The previous year has signified a pivotal moment in the corporate AI dialogue. Following a phase filled with enthusiastic experimentation, businesses are now facing a more intricate reality: Although investment in AI has reached unprecedented heights, transitioning from pilot projects to full-scale production continues to be challenging. Three-quarters of organizations remain entrenched in experimentation mode, despite increasing pressures to translate initial trials into operational benefits.

“Many organizations experience what we refer to as PTSD, or process technology skills and data hindrances,” states Shirley Hung, partner at Everest Group. “They possess rigid, fragmented workflows that do not adjust well to change, technology systems that do not communicate with each other, talent primarily engaged in low-value tasks instead of creating high impact. Moreover, they are overwhelmed by endless streams of data, yet lack a cohesive framework to integrate it all.”
The primary challenge, therefore, is in reimagining how individuals, processes, and technology interact.
In sectors as varied as customer experience and farming equipment, the same trend is surfacing: Traditional organizational frameworks—centralized decision-making, fragmented workflows, data distributed across incompatible systems—are too inflexible to enable agentic AI. To derive value, leaders must reconsider decision-making processes, execution of work, and the unique contributions of humans.
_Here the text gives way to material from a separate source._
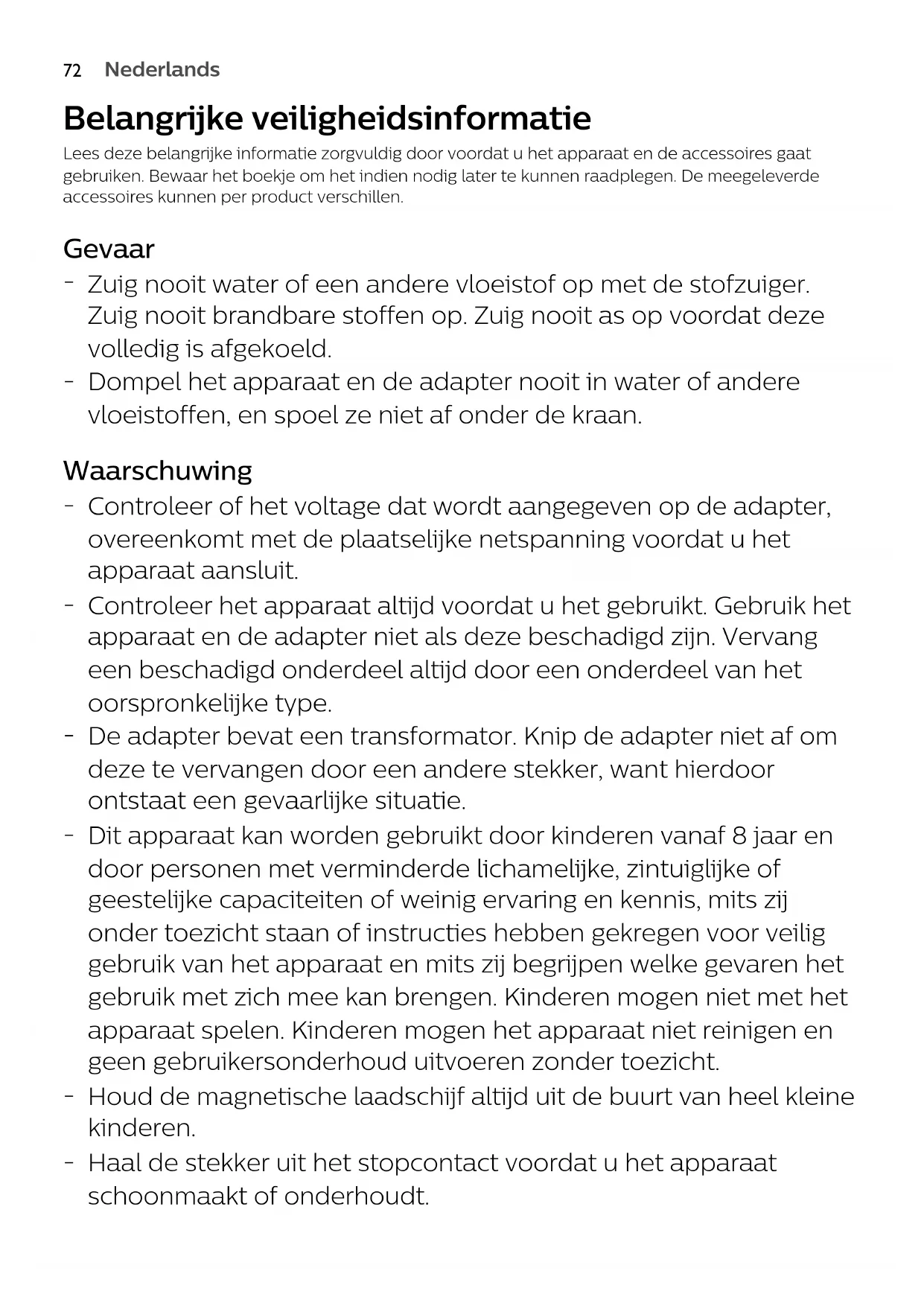 Zuig nooit water of een andere vloeistof op met de stofzuiger. Zuig nooit brandbare stoffen op. Zuig nooit as op voordat deze volledig is afgekoeld.

“It is crucial for humans to continue validating the content. This is where additional focus will be directed,” remarks Ryan Peterson, EVP and chief product officer at Concentrix.
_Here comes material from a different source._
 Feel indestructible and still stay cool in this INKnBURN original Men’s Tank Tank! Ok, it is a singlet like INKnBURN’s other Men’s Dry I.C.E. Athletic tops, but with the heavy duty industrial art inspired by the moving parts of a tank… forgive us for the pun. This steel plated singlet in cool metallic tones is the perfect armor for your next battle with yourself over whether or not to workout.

A significant portion of the discussion revolved around what can be seen as the forthcoming significant advancement: operationalizing human-AI collaboration. Instead of relegating AI to a separate tool or a “virtual worker,” this method redefines AI as a system-level capacity that enhances human judgement, expedites execution, and transforms work holistically. This transition necessitates organizations to delineate the value they wish to create; design workflows that seamlessly integrate human oversight with AI-led automation; and establish the data, governance, and security structures that render these systems reliable.
“My recommendation would be to anticipate some delays as it’s essential to ensure data security,” advises Heidi Hough, VP for North America aftermarket at Valmont. “As you contemplate commercializing or operationalizing any aspect of AI, starting from scratch with governance at the forefront will likely improve outcomes.”
Pioneering adopters are already demonstrating what this translates to in practice: initiating with low-risk operational scenarios, consolidating data into well-defined enclaves, embedding governance into daily decision-making, and empowering business leaders, not just tech specialists, to pinpoint where AI can yield measurable benefits. The outcome is a new framework for AI maturity rooted in reengineering how contemporary businesses function.
“Optimization is primarily about enhancing current operations, but reimagination involves uncovering entirely new ventures worth pursuing,” concludes Hung.